Shag from Brookline said...

SCOTUS could undo its "standing" requirements under Article III, which might open the door for more cases to be brought in the federal court system, which might then be clogged with cases brought by plaintiffs with significant financial resources but without cognizable injuries. How lower courts decide such cases may depend upon political aspects involved with the nominations/appointments of lower court judges over the course of a two-term presidency. But SCOTUS with the cert procedure may limit its review of decisions in such cases as SCOTUS grants cert in a small number of cases. The elimination of "standing" requirements might end up with a Citizens United SCOTUS mindset.

Joe said...

I gather with interest groups and even some degree of public funding of certain organizations that there will be a decent number of "financial resources" for a broad range of litigants.

Anyway, I take the logic is that there is a "case or controversy" requirement and that provides some limit. I recall, e.g., Israel and maybe other countries have looser standing rules. Is that a result of interpretation or are their constitutions of a different character? Also, I think post-WWII traditions of judicial review probably developed different there than our own. I think comparisons of our country's practices with other nations is an area that should get more attention.

As to that Harvard lawsuit, Nancy Leong at Take Care Blog has a good take. I also think there are enough possible plantiffs and defendants there using normal standing rules to address the matter though it is true that test cases can result in a sort of artificial means that seems on some level not that different than general standing.

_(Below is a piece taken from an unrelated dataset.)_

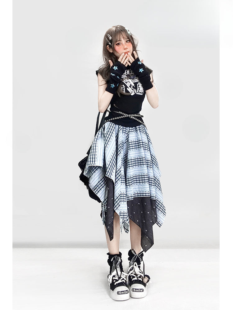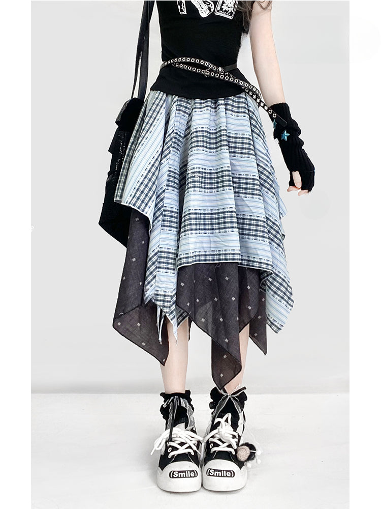 ヴィンテージダスティブルーチェック柄ハンカチ裾グラマラススカート

I think that is a general concern though as compared to the Fourth Amendment, where standing (even if we expand it) can be limited to those directly involved, including passengers or the like.

Shag from Brookline said...

Do we agree that SCOTUS should not render advisory opinions on behalf of requests by the Executive or Legislative branches?

Joe said...

I think I can agree to that though do know state courts do render advisory opinions.

Also, repeatedly, SCOTUS opinions are at least to some degree advisory opinions, at the very least going beyond the specific issue at hand. A blatant example being Heller with its many "presumptions" regarding acceptable gun regulations.

To the degree that the Supreme Court generally are very supportive when the Executive wants them to take a case, in effect, a quasi-advisory opinion is common practice. In a few cases, the Congress (or at least one branch -- see U.S. v. Windsor, the DOMA case) also stepped in & Justice Alito in particular supported them doing so.

Joseph Simmons said...

The reason for requiring standing seems fundamental. It is through government that laws are made and it is through elections that people have power over their enforcement as well. Litigation exists to ensure that one's own rights are vindicated.

Certainly laws are changed by litigation and "front persons" are used to pursue agendas. But
that doesn't mean standing should be tossed out altogether to allow a free-for-all bypass of democratic governance. The fact that there is offensive or objectionable conduct for which nobody might be able to bring the challenge doesn't mean there is no remedy. And that I think gets to the heart of the matter.

Fourth Amendment standing is a different animal because exclusion is a judicially created "prophylactic" rule and is treated as such (granted it could be more prophylactic in the way you suggest). The recent case of Collins v. Virginia had me thinking about the vagaries of the rule, where the searched motorcycle was parked at the home of Collins' girlfriend and 'by rights' Collins probably shouldn't have had standing to object to the unlawful search, but for the fact that the state failed to make the argument.